= Roberta A. Ballard =

American pediatrician

Roberta A. Ballard is recognized for her contributions to neonatal medicine. In 1965, she graduated from the University of Chicago's medical school and has dedicated much of her life to research on newborn prenatal health. Specifically, Dr. Ballard studies ways to treat and prevent chronic lung disease in premature infants. Some of her research includes the collection of data regarding how inhaled Nitric Oxide can help premature infants who are suffering from lung disease and are undergoing medical ventilation. From her studies she was able to find that Nitric Oxide reduced the risk of death and shortened hospitalization time for infants born prematurely who suffer from lung disease. These contributions have helped to prevent chronic lung disease and brain injury harming infants. Hospitals that Dr. Ballard is associated with include the Hospital of the University of Philadelphia, University of PA Medical Center/Presbyterian, Saint Christopher's Hospital for Children, and Children's Hospital of Philadelphia. Dr. Ballard also served as a Professor of Pediatrics at the University of California, San Francisco School of Medicine. Currently, she is Emeritus Professor of Pediatrics and Obstetrics and Gynecology at the University of Pennsylvania. While also being a professor, Dr. Ballard has contributed her knowledge in articles including the New England Journal of Medicine, Pediatrics, Journal of Perinatology, and more. She has served on a number of scientific and medical boards including the American Board of Pediatrics in 1972 and is an author of the book Avery's Diseases of Newborns.
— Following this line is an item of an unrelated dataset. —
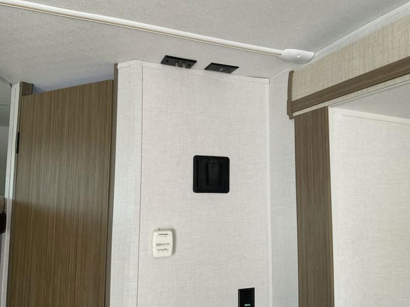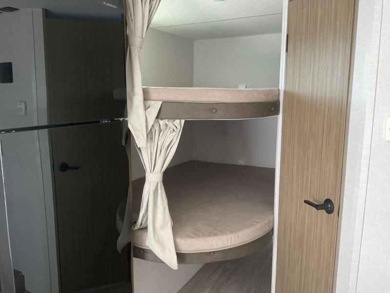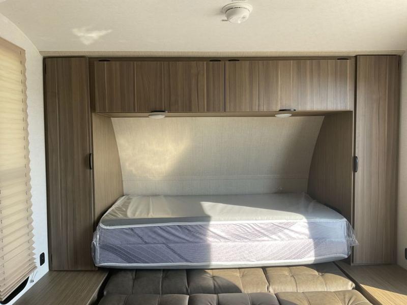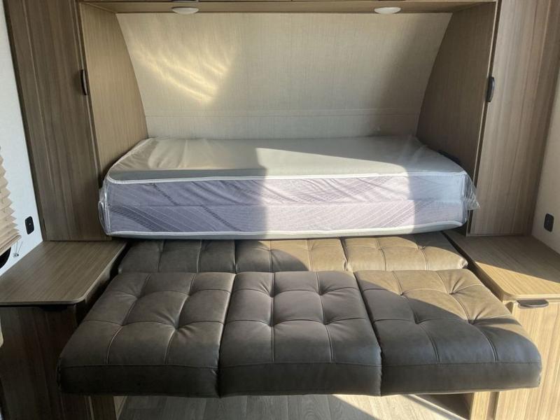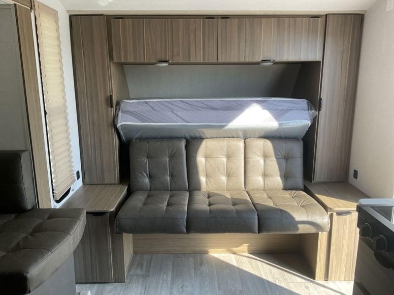Bring your whole crew along for trips in this roomy travel trailer that can sleep eight people each night. Once you've set up the 14' power awning with LED lights, make lunch on the outside kitchen. Explore some trails or take your fishing poles down to the river, then head back to the trailer to clean up in the full bath. The kids may want to rest on the double-size bunks, while the adults play a game around the U-shaped dinette. This model also includes a sofa plus a Murphy bed that lowers over the sofa when you're ready for bed. Don't let this travel trailer slip away!

The book focuses on the care and treatment of neonates. Dr. Ballard's research and contributions have helped enhance technology and prevent infant death. Her improvements in technology have not only improved the lives of premature infants, but she also seeks to help women who are pregnant to assure they receive proper prenatal attention.

== Education ==
Roberta Ballard spent fifteen years educating herself in a variety of places after graduating from University Laboratory High School. From 1957-1961 she was at Earlham College in Richmond, IN, AB. Ballard went on from 1965-1967 receiving her MD at the University of Chicago, School of Medicine in Chicago, IL. Roberta did a Pediatrics Internship from 1965-1967 at the University of Chicago Hospital in Chicago, IL. She would also do a Pediatrics Residency there from 1966-1967. Ballard would then go to Stanford University, Palo, Alto, CA from 1967-1968 doing another Pediatrics Residency. She would then travel to Washington, DC to do a Neonatology Fellowship at George Washington University Hospital from 1968-1969. Roberta Ballard's would end her education in San Francisco, CA at the Cardiovascular Research Institute doing a Neonatology Fellowship from 1970-1972. She would then stay in San Francisco as a professor of pediatrics at the University of California.

== Board Certification ==
Roberta Ballard would get her board certifications in 1972 through American Board of Pediatrics. Also through Sub-Board of Neonatal-Perinatal Medicine in 1975 and again in 1992.